Mantenha parâmetros estáveis: pH de 6,0 a 7,5 e temperatura de 22°C a 28°C (72°F a 82°F). O tanque deve estar fortemente plantado, proporcionando bastante cobertura de superfície e quebras de linha de visão. Plantas flutuantes (como Alface-d'água Amazônica ou Salvinia) são vitais, pois proporcionam a segurança que o peixe precisa para se sentir confortável e são essenciais para machos ao construir seus ninhos de bolhas.
Dieta e alimentação
Os Gouramis Mel são onívoros generalistas. Na natureza, usam suas nadadeiras pélvicas em forma de fio (modificadas em «antenas» sensíveis) para navegar em água turva e encontrar pequenos invertebrados e larvas de insetos.
Em cativeiro, são fáceis de alimentar:
- Flocos tropicais e micro-pellets de alta qualidade
- Alimentos congelados como Vermes-do-sangue, Artêmia e Daphnia (altamente benéficos para cor)
- Alimentos vivos ocasionais como moscas sem asas ou artêmia de bebê
São comedores deliberados e podem ser superados na alimentação por peixes de cardume mais frenéticos como Danios ou certos Barbos.
Comportamento e temperamento
São pacíficos e um tanto tímidos. São melhor mantidos em pares ou pequenos grupos (1 macho para 2+ fêmeas). Diferente de muitos outros gouramis, machos geralmente são tolerantes uns com os outros, a menos que estejam ativamente guardando um ninho de bolhas. Passam grande parte do tempo pairando entre folhas de plantas, usando suas «antenas» para explorar o ambiente e interagir com peixes companheiros.
Peixes companheiros
Peixes companheiros adequados devem ser pequenos e pacíficos:
- Tetras pequenos (Neon, Cardinal, Ember)
- Rasboras (Harlequin, Chili)
- Corydoras e Otocinclus
- Camarões (embora alevinos muito pequenos possam ser comidos)
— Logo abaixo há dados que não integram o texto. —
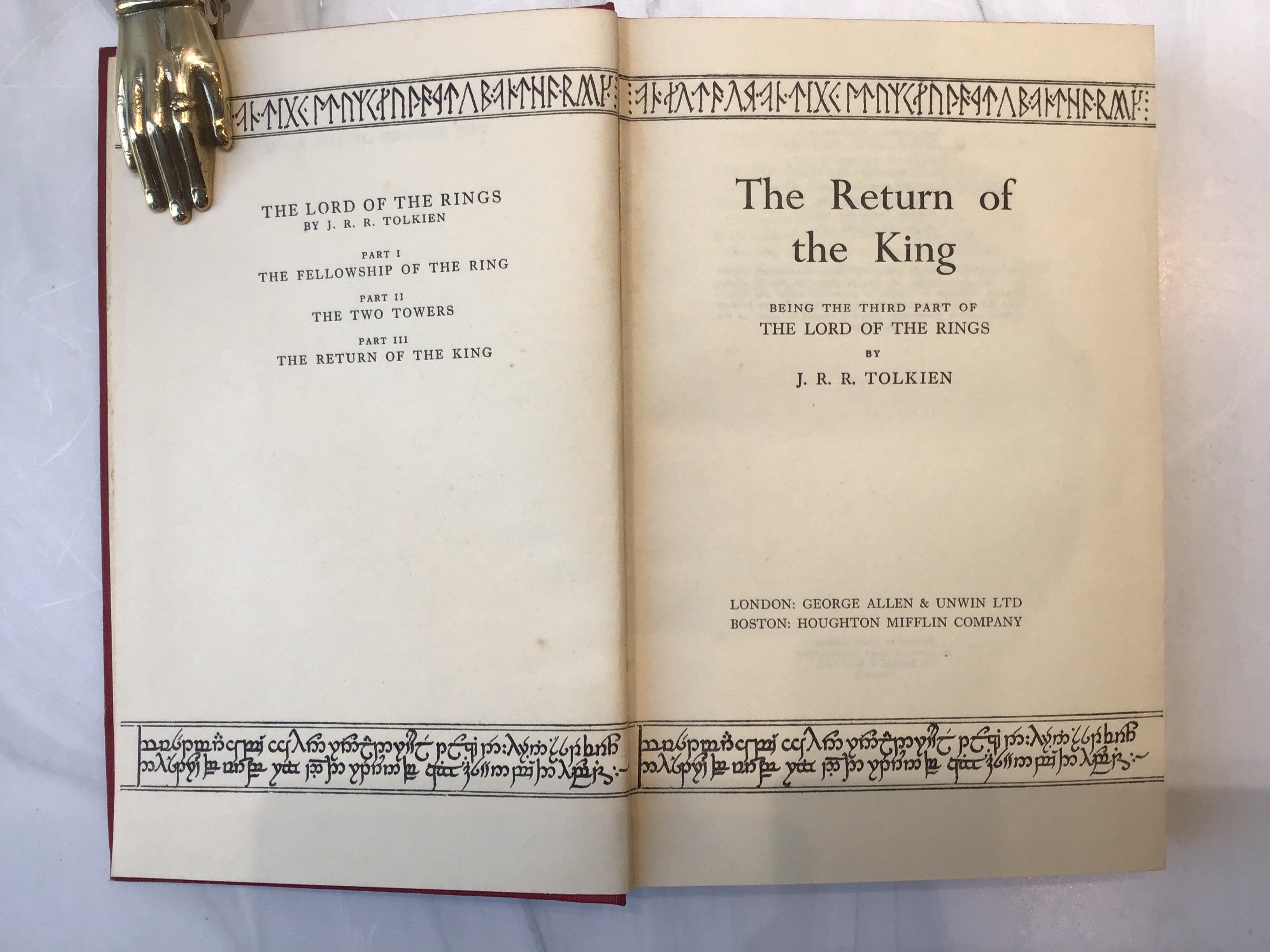 Return of the King: Some wear and rubbing on the red cloth corners and tops and bottoms of spines. Gold embossed title and author on the spine. Some slightly faded/discolored water spots on front and back covers.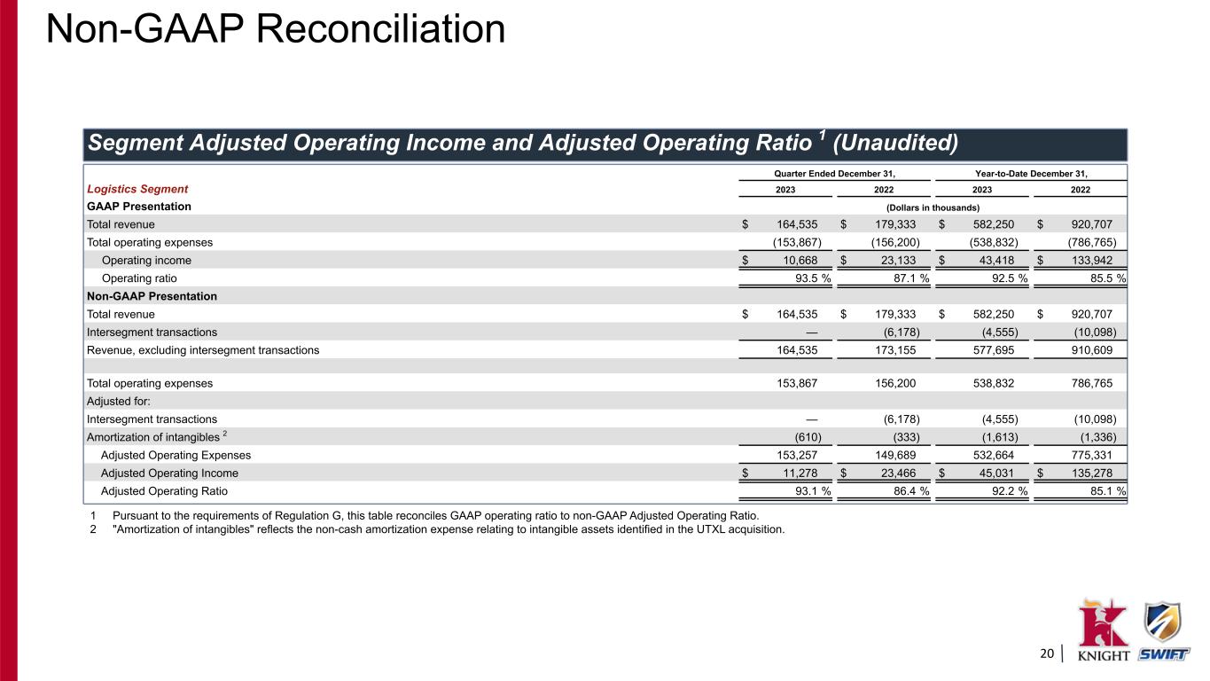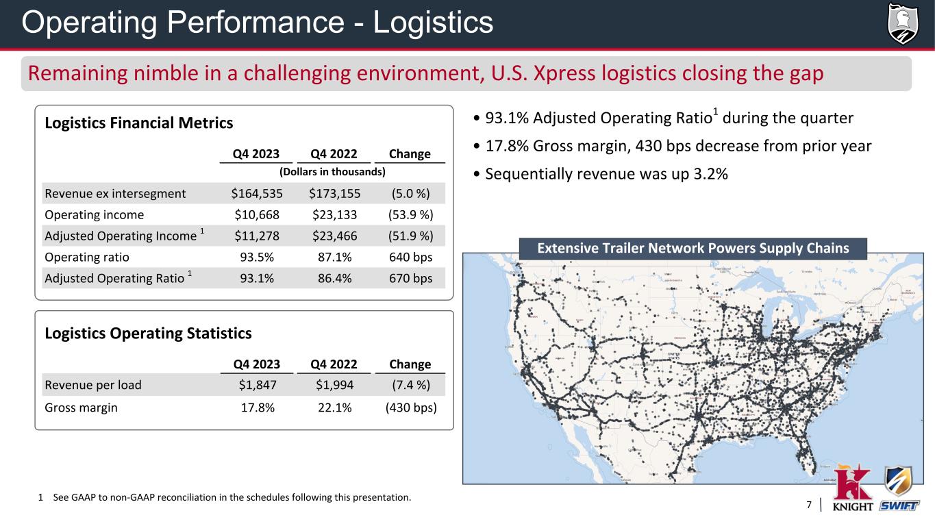 •Logistics — 93.1% Adjusted Operating Ratio with a gross margin of 17.8% while load count increased 2.6% year-over-year. Excluding the results of the U.S. Xpress logistics business, load count declined by 22.7%. The Adjusted Operating Ratio was negatively impacted by 40 basis points due to the inclusion of the U.S. Xpress logistics business.

- Bagres pacíficos (Kuhli Loaches)
Evite mantê-los com «mordedores de nadadeiras» como Barbos Tigre ou peixes muito barulhentos e de movimento rápido que os superarão ou os estressarão com atividade constante. Ciclídeos enormes ou agressivos também são inadequados.
Reprodução
Os Gouramis Mel são construtores de ninho de bolhas. O macho criará um ninho de bolhas revestidas de muco entre folhas de plantas flutuantes. Durante a desova, o macho «abraça» a fêmea sob o ninho. Uma vez que os ovos são depositados e fertilizados, o macho afasta a fêmea e assume responsabilidade exclusiva pelos ovos, ventilando-os agressivamente e reparando o ninho. As alevinos eclodem em cerca de 24-36 horas e são extremamente pequenas, requerendo infusória ou «água verde» inicialmente antes de transicionar para artêmia de bebê.
Problemas de saúde comuns
São relativamente resistentes, mas sensíveis a nitratos elevados e qualidade ruim da água. Por respirarem ar atmosférico, é crucial que o ar acima da superfície da água seja quente e úmido para prevenir danos ao órgão labirinto. Ocasionalmente são suscetíveis a «Veludo» (Oodinium) e infecções bacterianas padrão se o tanque não for adequadamente mantido.